François Gernelle (born December 20, 1944) is a French engineer, computer scientist and entrepreneur famous for inventing the first micro-computer using a micro-processor, the Micral N.

== Education ==
In the late 1960s, Gernelle earned an engineering degree at the Conservatoire National des Arts et Métiers. In 1978, he earned a Ph.D. in computer science at the Pierre Mendès-France University of Grenoble.

== Career ==

=== Intertechnique and R2E ===
In 1968, he was hired by Intertechnique, a company specialized in electronic measurement for aviation. There he discovered the Intel 8008 microprocessor and imagined all its potential applications. As his hierarchy didn't share his views on the i8008 development capacity, he resigned in 1972 and joined R2E, a company created and led by Paul Magneron. He designed the Micral N micro-computer to answer a request of INRA to measure agricultural hygrometry. During this project, he was granted two patents. In 1973 he supported the Micral N and, with the company's growth, helped to design 20 other multi-user microcomputers for some were multi-processor one.

=== Bull Micral ===
In 1981, the Bull company acquired R2E and he then joined the new entity Bull Micral. But the company wanted him to design IBM PC compatible machines and François Gernelle didn't agree because he thought this machine was poorly designed, using an 8 bit single-tasking single-user i8088 powered by a poor operating system. In his mind, this kind of poor computer design was a dead-end at a time where really good micro-processors existed and offered capacity to design powerful multi-user and multi-tasking systems at medium and even low cost.

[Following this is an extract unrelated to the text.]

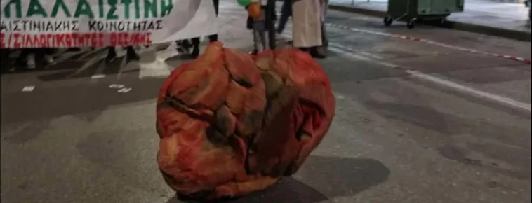 Μία περίεργη εικόνα αντίκρισαν οι συμμετέχοντες στην αποψινή πορεία για το Πολυτεχνείο στη Θεσσαλονίκη.Μέσα στον δρόμο και ανάμεσα από τους διαδηλωτές έκανε την εμφάνισή της μία μεγάλη κόκκινη μπάλα, φτιαγμένη πιθανότατα από ύφασμα, η οποία κινούνταν διαρκώς, προκαλώντας την εύλογη απορία του κόσμου, σύμφωνα με όσα αναφέρει το grtimes.Πολλοί ήταν αυτοί που προσπάθησαν να δουν αν μέσα υπήρχε κάποιος άνθρωπος ή κάποιο ζώο, με τους περαστικούς να βλέπουν το σπάνιο αυτό θέαμα και να γελούν.

=== FORUM International ===
In 1983, he resigned from Bull and founded a new company named FORUM International to create professional computers powered by Prologue OS.

==See also==
- List of pioneers in computer science

== External References ==
- This article is based on the French Wikipedia article.
- Interview with F. Gernelle issued in Le Choc du Mois issue #18 of december 2007 .
- «La naissance du premier micro-ordinateur: le Micral N» ("Birth of the first micro-computer: the Micral N") article written by F.Gernelle where he talks about his career at R2E, Bull and the creation of FORUM International.
- Ryan, Dan (2011). "History of Computer Graphics: Dlr Associates Series"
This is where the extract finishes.